J'aimerais lui dire « tout de suite », mais je ne peux pas. Et je déteste ça. Je n'ai jamais autant souffert d'être séparé de lui. Je suis de nouveau assis, et je laisse ma tête partir en arrière. Mes pensées ne cessent de s'embrouiller. Il y a un vacarme impossible, là-dedans. J'aimerais être un peu tranquille dans ma propre tête, si ce n'est pas trop demander. Merci. Je ferme les yeux et j'écoute les gens autour. Des familles se pressent au guichet avant se s'installer près de moi. J'écoute leurs chamailleries et je souris amèrement. Pour la première fois de ma vie, je me dis que je déteste la légèreté des gens.
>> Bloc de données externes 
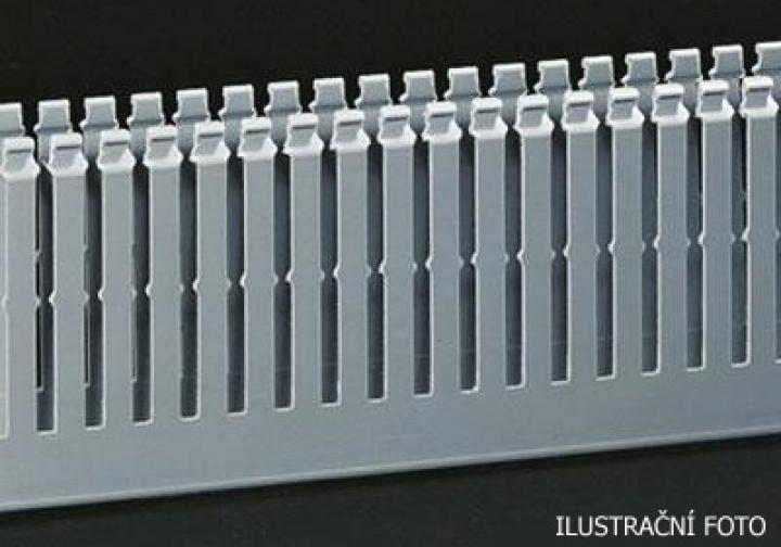 Rozvaděčový kanál s úzkou perforací 100x80 - šedá. Rozvaděčový kanál s úzkou perforací 40x80 - šedá. Ideální pro nižší průřezy vodičů, které se používají zejména v řídících rozváděčích. Přestože se bočnice skládají z užších lamel je kanál díky své masívní konstrukci dna a ideálnímu poměru mezi výškou bočnice a lamely velice pevný a stabilní. Tato vysoká pevnost umožňuje jeho montáž dokonce i na výložníky a konzole. Je vyroben z materiálu s elasticitou vyšší než 3000 Npa, což umožňuje během práce opakované vyhnutí lamely a to i při nízkých teplotách bez toho, aby došlo k jejímu zlomení.
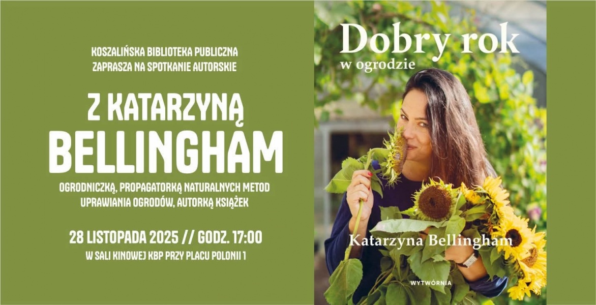 28 listopada 2025 r., godz. 17:00 – Sala kinowa KBP, pl. Polonii 1. Koszalińska Biblioteka Publiczna ogłosiła kolejne wyjątkowe wydarzenie dla wszystkich miłośników zieleni i naturalnego ogrodnictwa. Już 28 listopada odbędzie się spotkanie autorskie z Katarzyną Bellingham – jedną z najbardziej cenionych propagatorek naturalnych metod uprawy ogrodów w Polsce.
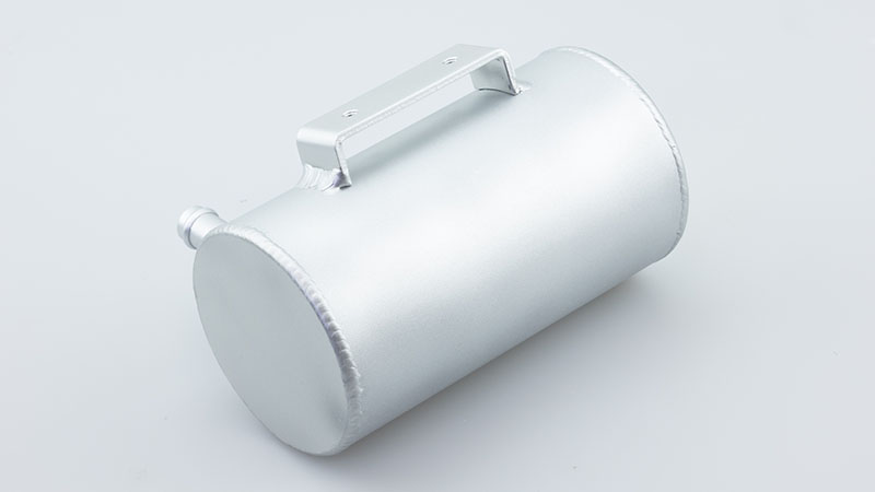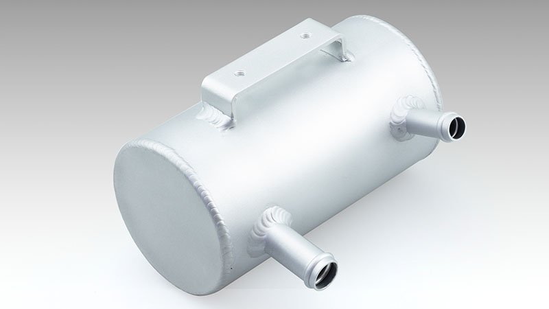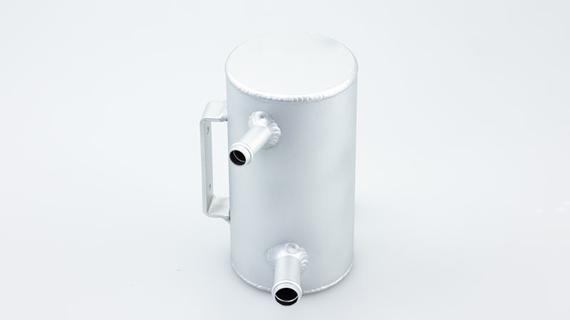 ブリーザーパイプ間につなぎオイルの飛散を防止するタンクです。レースではレギュレーションにて装着が義務付けられています。ホース類は付属しておりませんの別途ご用意ください。【材質】アルミ【色】シルバーアルマイト【形状】丸型【サイズ】506cc H75xL140xW75mm 取出し口12mm/15mm
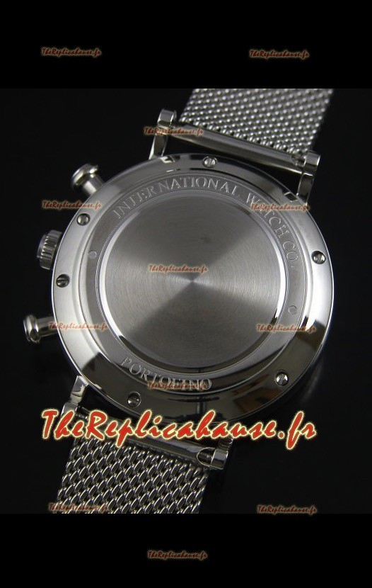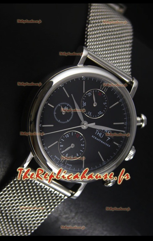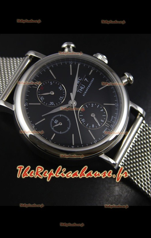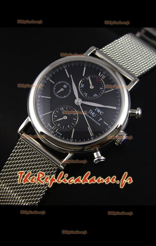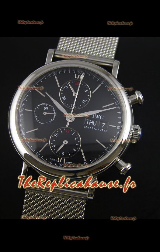 Montre suisse chronographe IWC Portofino avec bracelet en mailles et cadran noir
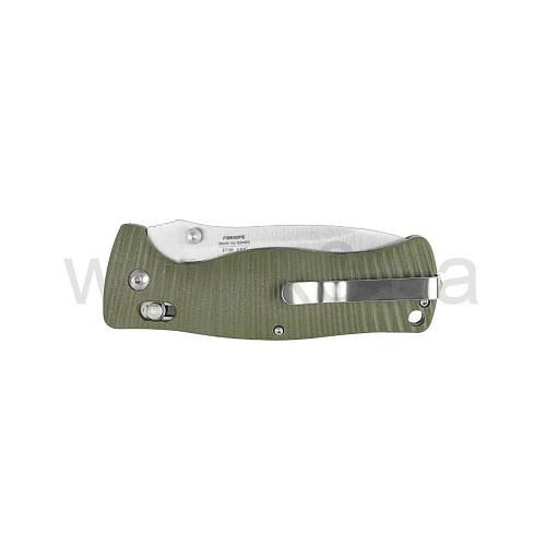 Для накладок на рукоятку ножа производители использовали современный вид пластика высокой прочности под названием G10. По сути, он представляет собою композитный материал из эпоксидных смол и стеклоткани. Этот материал обладает высокой прочностью, хорошо выдерживает удары, противостоит влаге и долгое время сохраняет яркий цвет. Рукоятка ножа Firebird F720 неровная. Такая форма одновременно играет роль элемента дизайна и способствует надежному хвату.
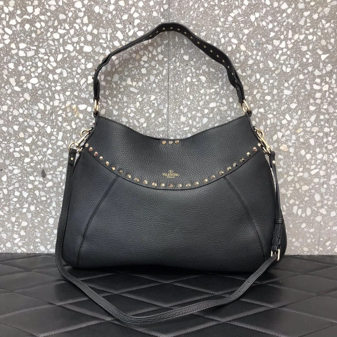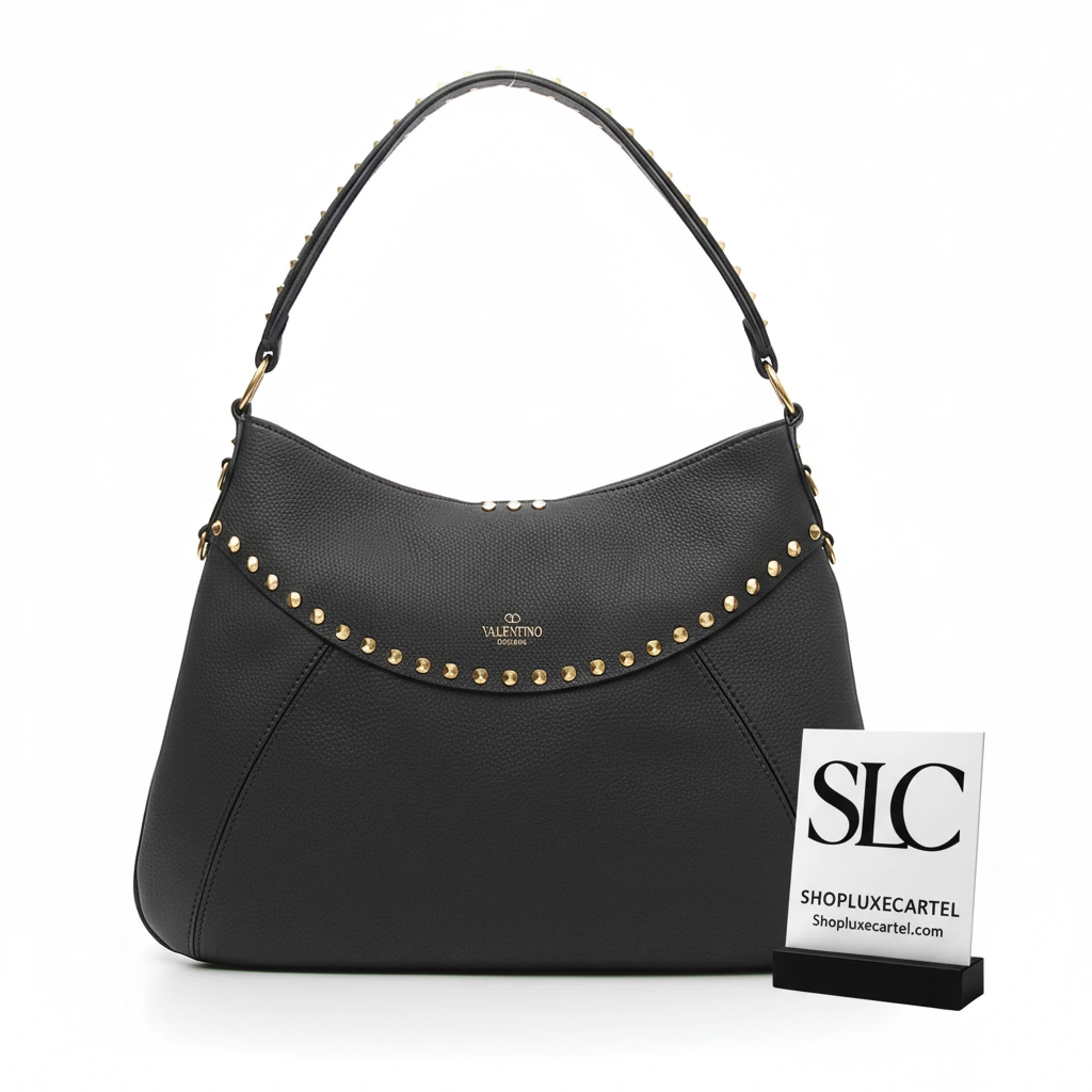 Experience the perfect fusion of effortless style and refined detail with this beautifully crafted shoulder bag. Made from premium grainy calfskin leather, its classic hobo silhouette is given a modern edge with a distinctive trim of shimmering studs. This bag’s relaxed yet polished aesthetic makes it a versatile accessory for both day and night.
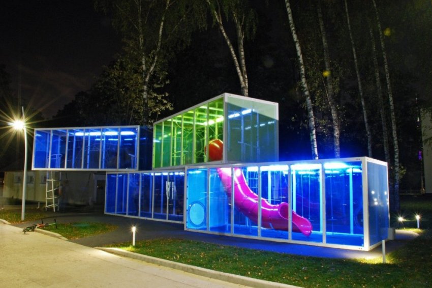 Площадка придумана, запроектирована и введена в строй компанией “Новые горизонты”, которая специализируется на разработке дизайнерских игровых пространств по индивидуальным проектам.
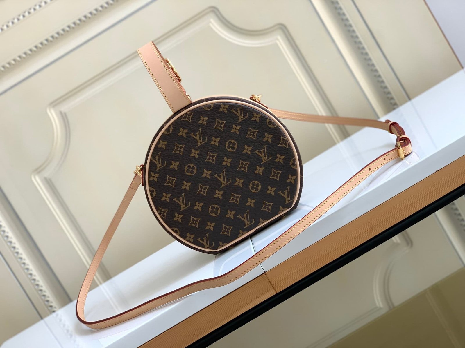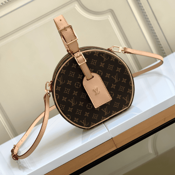 PETITE BOITE CHAPEAU handbag catwalk style barrel bag 👄 Size: 17.5×16.5X7.5cm Monogram coated canvas – Natural leather trim – Lambskin lining – Gold metal trim – Adjustable leather top handle – Removable, adjustable leather strap – Removable leather ID holder – 4 protective metal studs

Les enfants rient, les parents crient, « arrêter de jouer avec cet appareil, j'ai dit arrête, arrête maintenant, mais c'est pas vrai il l'a fait tomber ! Je te l'avais bien dit de faire attention ! ». Et sinon, monsieur, vous n'avez pas pensé une seconde à le lui enlever des mains, ce fameux appareil ? Je soupire. Mes mains sont moites, ma nuque raide, mon dos douloureux. Et je n'attends que depuis une heure. Je n'ai pas tellement les moyens de me payer une nuit à l'hôtel, et puis, je n'arriverais même pas à dormir. Je me lève une nouvelle fois pour sortir. L'ambiance dans le hall est bien trop oppressante, il fait meilleur dehors. J'allume une cigarette et enfonce les écouteurs de mon i-pod dans mes oreilles. À peine deux chansons passent et je n'en peux déjà plus. Tous ces mots, tout ce bruit, je ne le supporte plus. Je dois parler à quelqu'un. Échapper à mes pensées. Je saisis mon portable et compose le premier numéro qui me vient à l'esprit.
« Allô ?
- Salut maman.
- Tom ! Tu avais dit que tu m'appellerais la semaine dernière...
- Hé bien je ne l'ai pas fait, tu vois. Je suis désolé.
- C'est bon, je te pardonne. Ça va ? Tu as l'air fatigué. Tu travailles trop, Tom.
- Maman... Je vais voir Bill.
- Quoi ? Quand ?
- Mon avion part demain matin.
- Et je suis encore la dernière au courant, hein...
- Maman... J'ai pris mon billet tard. Tu veux que je te ramène quelque chose d'Angleterre ?
- Oh c'est gentil de penser à moi. Fais comme tu veux, je sais que tu n'as pas trop d'argent. Fais toi plutôt plaisir. Et embrasse bien ton frère de notre part à papa et moi.
- Oui, c'est promis.
- Et surveille-le, je sais qu'il est du genre à manger n'importe comment et à ne pas dormir suffisamment quand je ne suis pas derrière lui.
- Je... oui, je le surveillerai. Écoute, je dois te laisser, je suis sur le portable.
- Merci d'avoir appelé, Tom. Je t'embrasse.
- Moi aussi. Je... je t'aime maman. »
Je n'ai pas attendu sa réponse. Non, en fait, j'ai raccroché très vite pour ne pas l'entendre. Je ne suis pas très doué pour les déclarations d'amour. J'espère juste qu'elle ne s'inquiètera pas et qu'elle n'aura pas l'idée d'appeler Bill. Ce serait pire que tout... Bon. Je prie pour que mon cerveau tienne le coup jusqu'à mon arrivée à l'aéroport de Londres.